Chop Chop is a collection of iOS video games created by Gamerizon, first released in 2009. The series features a range of game genres, with a focus on action and sports, and is known for its distinctive art style. By 2011, Gamerizon reported that the series had been downloaded over 15 million times from the App Store.

The series of games then became a Canadian television series on Teletoon, produced by Sardine Productions.

==Games==
The games listed where released for iOS by Gamerizon.

| Game | Release date |
|---|---|
| Chop Chop Ninja | December 25, 2009 |
| Chop Chop Runner | March 18, 2010 |
| Chop Chop Tennis | May 5, 2010 |
| Chop Chop Soccer | August 4, 2010 |
| Chop Chop Hockey | November 3, 2010 |
| Chop Chop Caveman | November 25, 2010 |
| Chop Chop Kicker | March 24, 2011 |
| Chop Chop Rocket | April 21, 2011 |
| Chop Chop Slicer | June 9, 2011 |
| Chop Chop Ninja World | November 29, 2012 |

==Animation==
===Shorts===

In 2012, Gamerizon announced that an animated series based on Chop Chop Ninja was in development with Canadian broadcaster Teletoon. The following year, Teletoon officially ordered a series of 40 ninety-second shorts produced by Sardine Productions called Chop Chop Ninja Challenge. A longer form series was also announced to be in development.

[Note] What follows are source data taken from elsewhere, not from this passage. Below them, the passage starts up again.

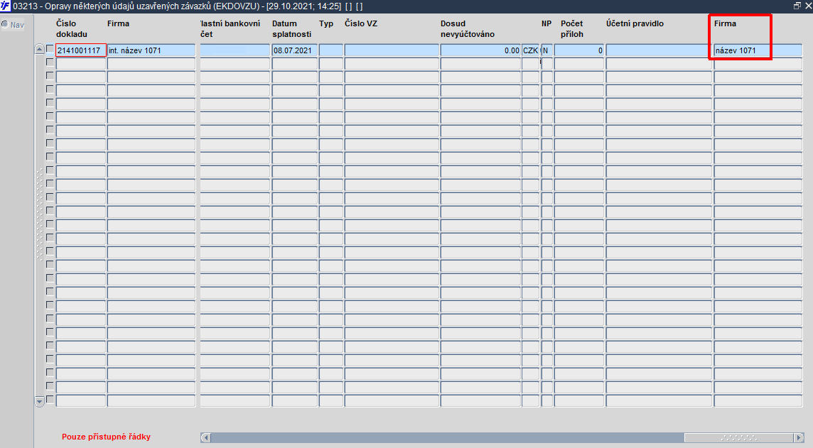 Obr. Nová položka "Firma" ve formuláři 03213 - Opravy některých údajů uzavřených závazků
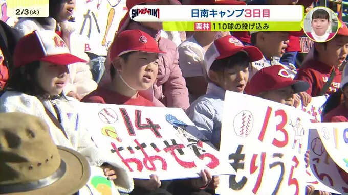 子どもたちの声援を受けてきょうも汗を流す選手たち。日南キャンプは3日目を迎えました。
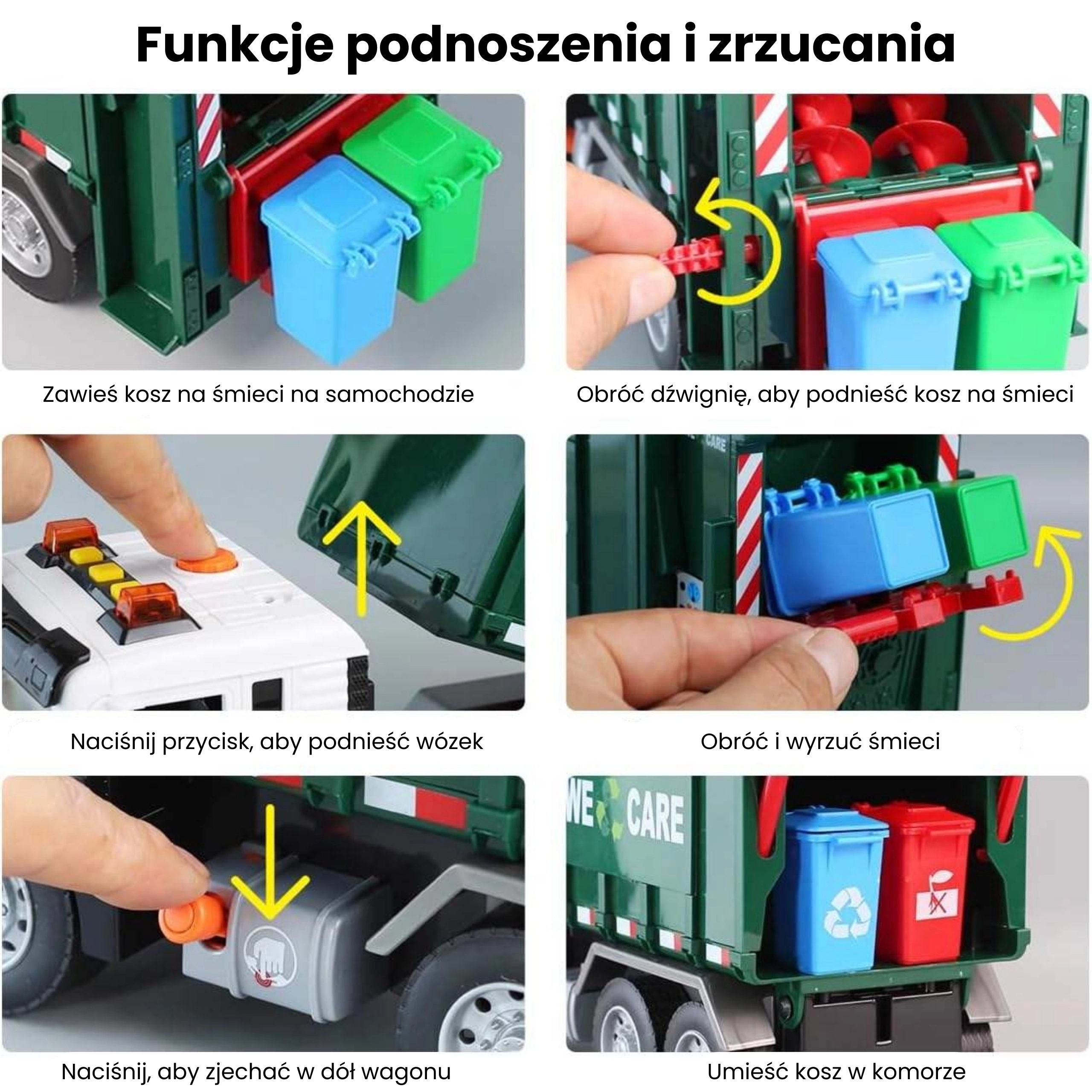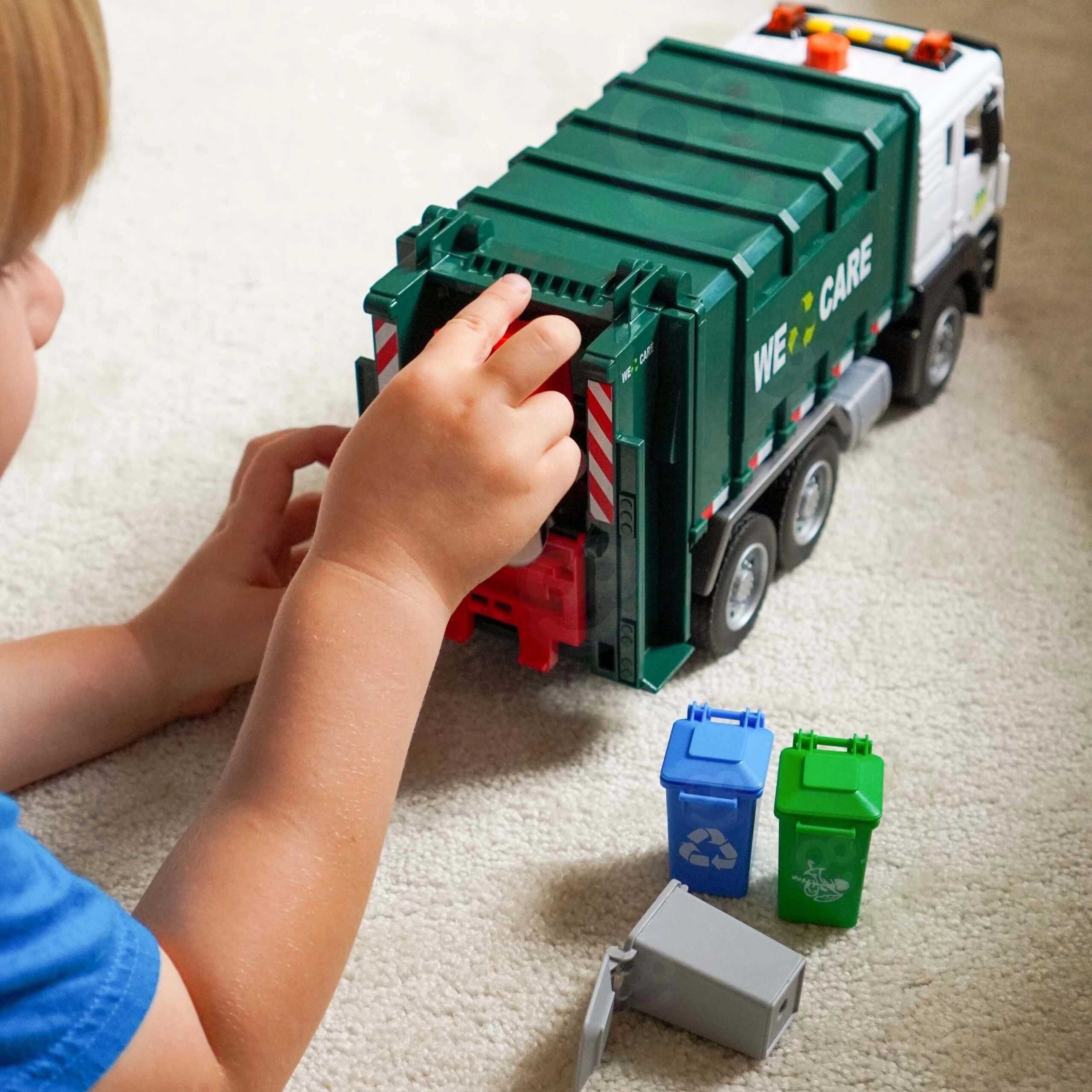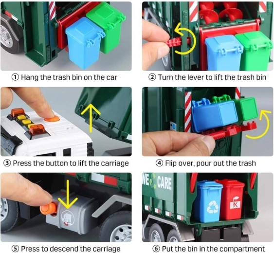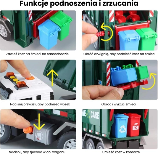 See detailselt viimistletud prügiveoauto kirjaga „WE CARE” pakub lastele autentset jäätmeveo rollimängu. Tänu toimivale tõstearmile, avatavale tagaluugile ja kaasasolevatele miniprügikastidele saavad lapsed proovida jäätmete sorteerimise ja väljaveo tegelikke võtteid. Integreeritud valgus- ja heliefektid suurendavad lõbu ja innustavad kujutlusvõimet.

Chop Chop Ninja Challenge debuted on Teletoon and Télétoon in Canada on November 8, 2014. The series was later aired in over 100 markets globally.

===TV series===

After the shorts proved successful, Teletoon approved the production of a longer series in March 2016. Produced by Sardine Productions, the series, titled Chop Chop Ninja, includes 40 eleven-minute episodes or 20 twenty-two-minute episodes. It debuted on in French on Télétoon on September 3, 2018. The English-language premiere aired on Teletoon on October 6, 2018.

=== Episodes ===

==== Interstitials (2014) ====
There were ten interstitial episodes. Each character does the challenge and the interstitials air for one-and-a-half minutes.

- Hang a Picture (November 8, 2014)
- Catch the Fly (November 15, 2014)
- Catch the Fish (November 22, 2014)
- Get Candy (November 29, 2014)
- Light the Torch (December 6, 2014)
- Steal the Golden Egg (December 13, 2014)
- Put the Monkey in the Barrel (December 20, 2014)
- Ring the Bell (December 27, 2014)
- Save the Waka (January 3, 2015)
- Extinguish the Volcano (January 10, 2015)

==== Season 1 (2018) ====

- Season 1 premiered in Canada on October 6, 2018, and ended on December 9, 2018.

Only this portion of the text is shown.